:: WHAT YOU ARE ASKED TO DO ::
The answer must be the full data, restated word for word, with no pictures in it.
*** MATERIAL PROVIDED
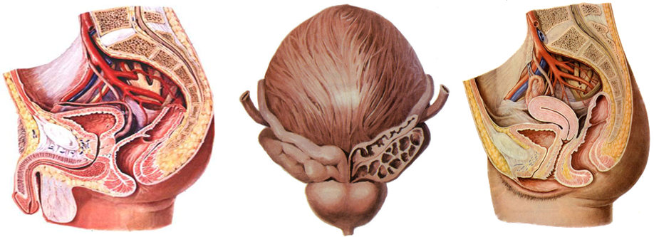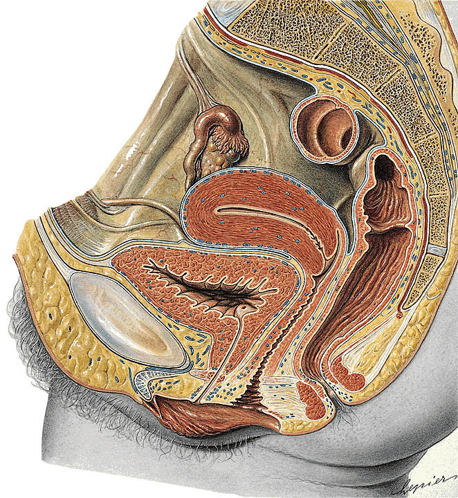 下方:男性邻前列腺,女性邻尿生殖膈。
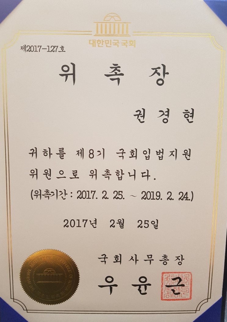 2017.3월 우윤근 국회 사무총장 주재 제8기 국회입법지원 위촉식 겸 국회 입법지원단 회의가 있었습니다.
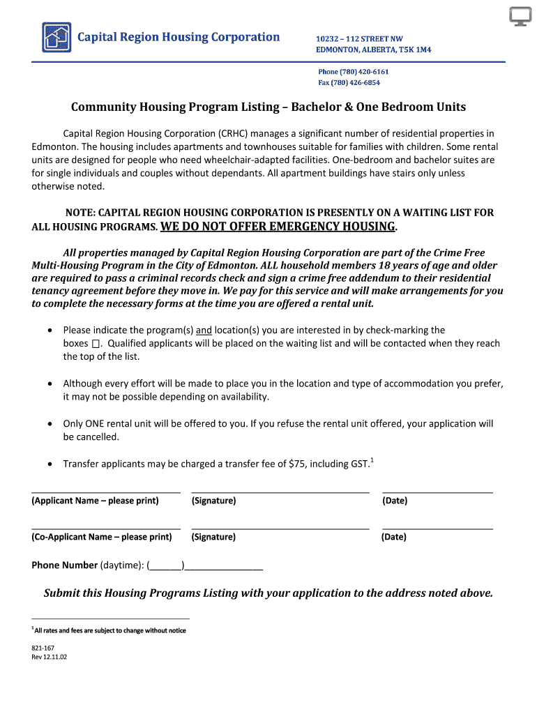 The Community Housing Program Application is a crucial document used by individuals and couples without dependents seeking to secure affordable bachelor and one-bedroom units managed by the Capital Region Housing Corporation in Edmonton, Alberta.
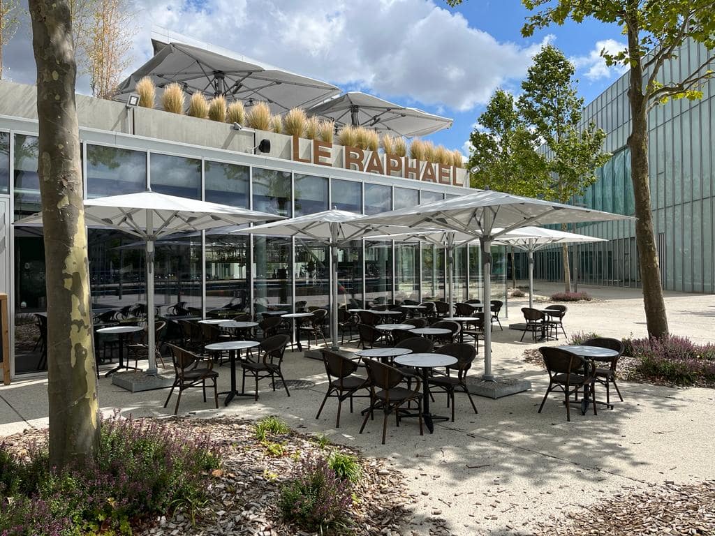 Warme loungesfeer met groot schaduwrijk terras. Verfijnde lokale keuken.
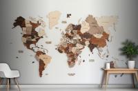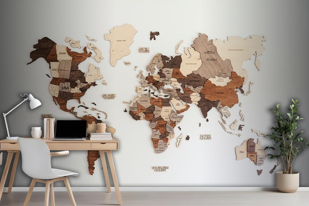 World Map Made Of Wood Crafts Wallpaper Mural
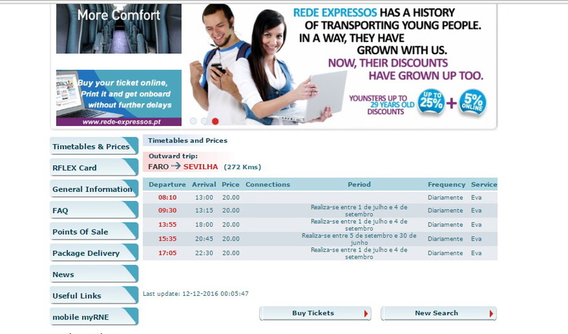 Билет на автобус можно купить онлайн на сайтах Eva, Rede Expressos и Alsa, а также в кассах автовокзала Фару.
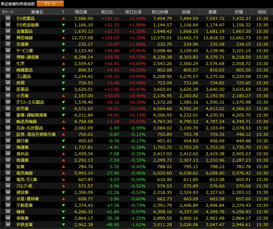本日の業種別の動きを見ると、上昇を主導したのは「その他製品」「その他金融サービス」「金属製品」「精密機器」などの分野でした。
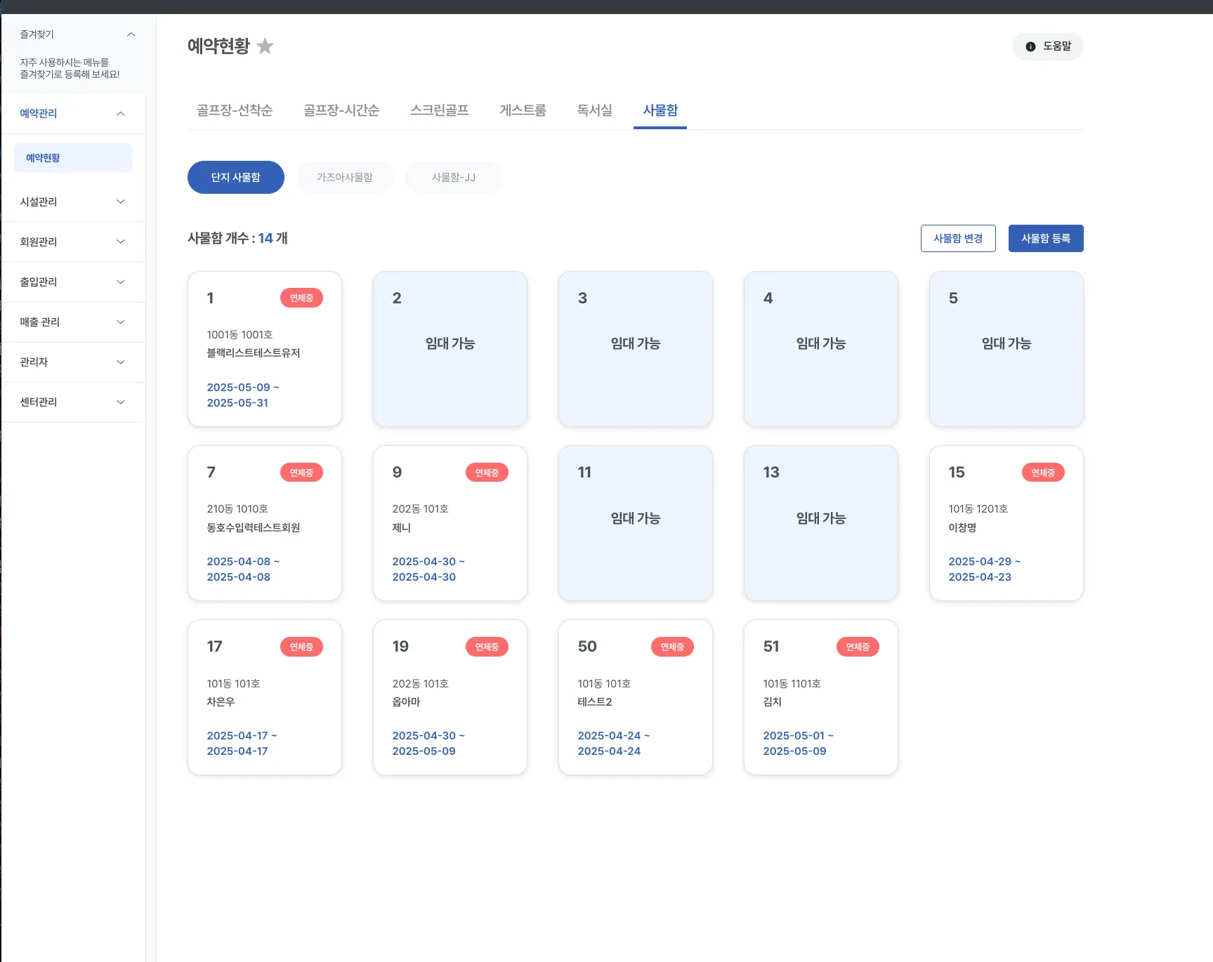사물함 반납하기 / 사물함 번호 변경 / 기간변경이 가능합니다.
******
:: WRITTEN ANSWER ::
 下方:男性邻前列腺,女性邻尿生殖膈。
 2017.3월 우윤근 국회 사무총장 주재 제8기 국회입법지원 위촉식 겸 국회 입법지원단 회의가 있었습니다.
 The Community Housing Program Application is a crucial document used by individuals and couples without dependents seeking to secure affordable bachelor and one-bedroom units managed by the Capital Region Housing Corporation in Edmonton, Alberta.
 Warme loungesfeer met groot schaduwrijk terras. Verfijnde lokale keuken.
 World Map Made Of Wood Crafts Wallpaper Mural
 Билет на автобус можно купить онлайн на сайтах Eva, Rede Expressos и Alsa, а также в кассах автовокзала Фару.
本日の業種別の動きを見ると、上昇を主導したのは「その他製品」「その他金融サービス」「金属製品」「精密機器」などの分野でした。
사물함 반납하기 / 사물함 번호 변경 / 기간변경이 가능합니다.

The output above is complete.